Lucia has been dealt a bad hand. She has a dead father and a mother suffering from an unspecified mental illness in which the mother doesn’t recognize Lucia and gets upset very easily. It’s implied that the horror of her father’s death also caused her mother to go insane, but this is never explicitly explained. Lucia lives with her elderly aunt in a tiny garage that only has one bed, and when the story opens, Lucia has just been kicked out of her old school for stabbing a boy with a pencil.

Lucia also has some assets. She has a great relationship with her aunt, she’s quite brilliant, and apparently pretty enough that all sorts of men give her special attention.
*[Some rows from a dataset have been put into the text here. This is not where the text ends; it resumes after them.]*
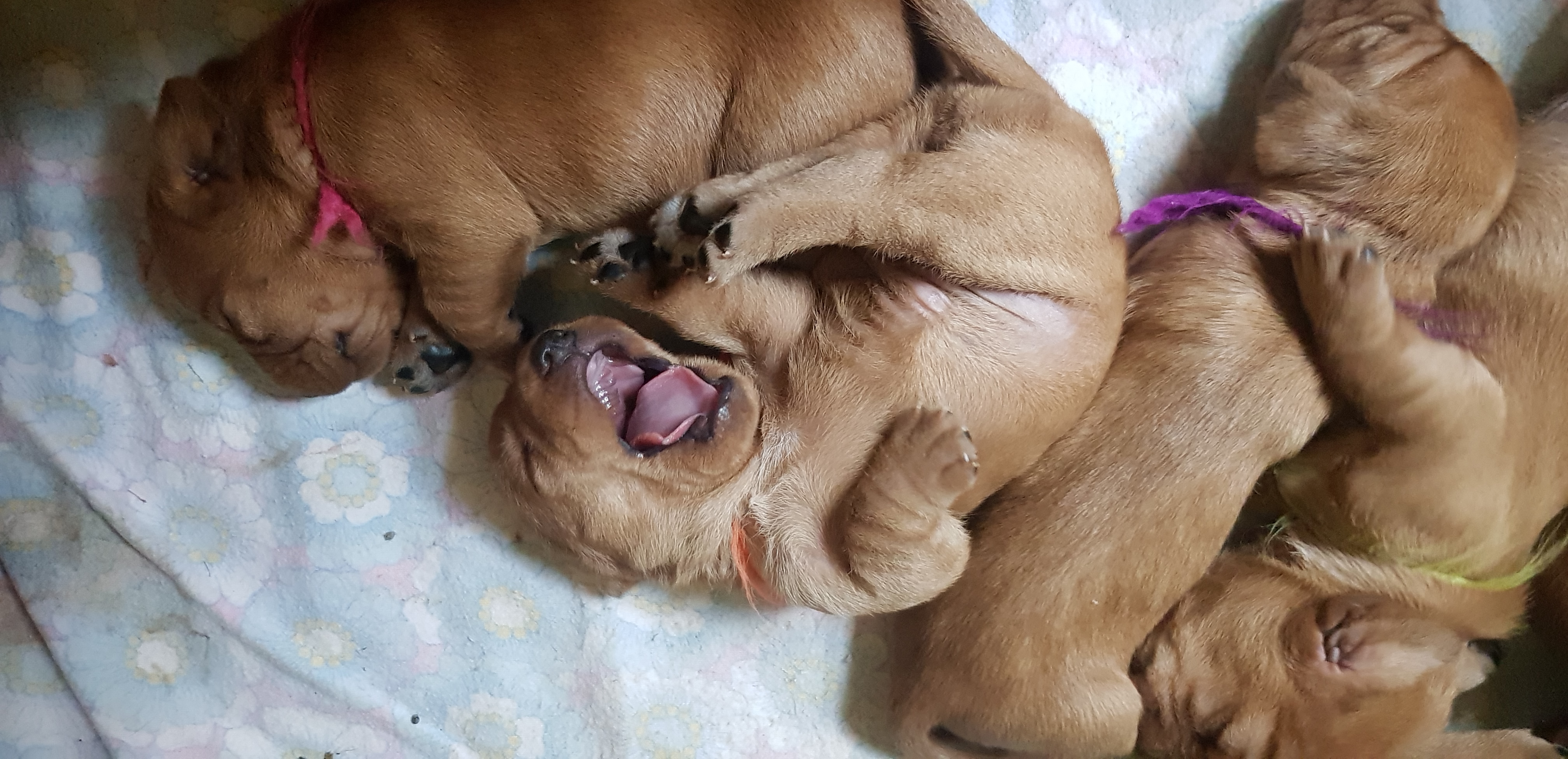 Noch dreht sich alles um Nahrungsaufnahme – fressen, schlafen, fressen, schlafen. Die Welpen werden aktiver und bewegen sich mehr. Die Mutter säugt schon nach ihrem Ermessen und nicht immer wenn ein Welpe mal schreit.
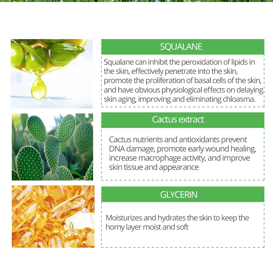 Сквалан Сквалан может подавлять перокисление липидов в коже, эффективно проникает в кожу, способствует пролиферации базальных клеток кожи и оказывает очевидное физиологическое воздействие на замедление старения изюма, улучшение и устранение хлоазмы. Экстракт Кактуса Питательные вещества и антиоксиданты кактуса предотвращают повреждение крови, способствуют раннему заживлению ран. Повышают макрофаговую активность и улучшают состояние кожи и внешний вид Глицерин Увлажняет и увлажняет кожу, чтобы сохранить слой hormy влажным и мягким
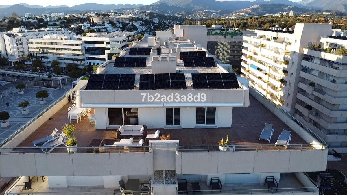 Puerto Banús staat bekend als een luxe jachthaven en winkelcomplex, gesticht in 1970 en uitgegroeid tot een belangrijk centrum voor recreatie en entertainment aan de Costa del Sol. Met miljoenen bezoekers per jaar trekt het gebied internationale beroemdheden en een welvarend publiek. Dit penthouse bevindt zich in deze levendige omgeving, met voorzieningen zoals restaurants en winkels op korte afstand. De stedelijke ligging betekent een constante activiteit, vooral tijdens het hoogseizoen. De nabijheid van stranden en golfbanen, zoals Real Club de Golf Las Brisas op 2.2 km, biedt recreatieve mogelijkheden buiten de directe omgeving van de jachthaven. Het appartement zelf is recent gerenoveerd, wat een comfortabele en moderne woonervaring garandeert, met een terras dat uitkijkt over de Middellandse Zee en de haven.

That last part is a bit of a double-edged sword. Lucia is self-aware enough to know the affect she has on men, and prudent enough to be wary, while not being shrewd or amoral enough to really exploit this power. She has casual sex once, and it seemed extremely unromantic (as she never even bothered to learn his name until later) but most of the time it’s just this background radiation, where she is simply aware that the men want to have sex with her. This attitude made her seem rather mature and worldly. I think that a lot of young women are oblivious to the affect they have on men, as I was when I was young and way hotter than I remember being, judging by photos. When a sparrow looks at a cat, the bird isn’t thinking about dinner. Other girls grow heady with this power, like a ten year old given a light saber for Christmas. Lucia knows the men want her, and mostly she doesn’t care.

The brilliance is interesting because it’s coupled with her other salient feature, her dedication to anarchistic thought. You get the sense that she inherited this from her family. Her aunt, Lucia declares proudly, is a dyed-in-the-wool anarchist. One of her fondest memories of her mother is when her mother carjacked a tractor trailer full of Christmas trees just for the heck of it. Personally, these sort of people irritate me, but for Lucia, this anarchism is one of the few things she has left from her family, and she clings to it as much as she clings to her father’s lighter. No, more than that, anarchism is for her what Jesus is to someone raised in a profoundly religious household–it’s in every thought and action.

So of course Lucia feels she belongs in the school’s arson club. Her first in is through Stephan, but she soon learns that in the club’s pecking order, Stephan remains at the bottom. Because she is cute and female, Lucia gains entrance where Stephan cannot, but Lucia rejects her easy in. She wants to prove that she belongs to the club more than anyone. She rewrites the arsonist’s manifesto and plans the big fire that will demonstrate her dedication to arson.

I felt like Lucia was a believable, if self-destructive, character. She’s smart, and she makes stupid decisions, but her stupid decisions felt plausible and true to herself. Her voice was also spot-on, and the social dynamic between her and Lana and Stephan and Lana’s boyfriend whose name I can’t remember (Joe?) felt totally realistic. Lucia’s aunt was also a great character.

There were a few things I disliked. I don’t know as I agreed with the decision to never tell us how her dad died and why her mom went crazy. Also, her mom’s version of crazy didn’t make much sense either. It was convenient from a literary perspective “she died of a broken heart” but didn’t seem in line with any kind of crazy I’ve ever heard of. It wasn’t like PTSD (which would have been plausible) and didn’t seem exactly like catatonic schizophrenia (which is usually not event-triggered) and it seemed most similar to Alzheimer’s, except her mom wasn’t old enough. And who paid for the care, anyway? Why would there be money for full-time care for Lucia’s mother and yet no money for Lucia to have more than two sets of clothes?

(view spoiler)

All in all, it was a pleasantly dark little novel that I will think about for some time.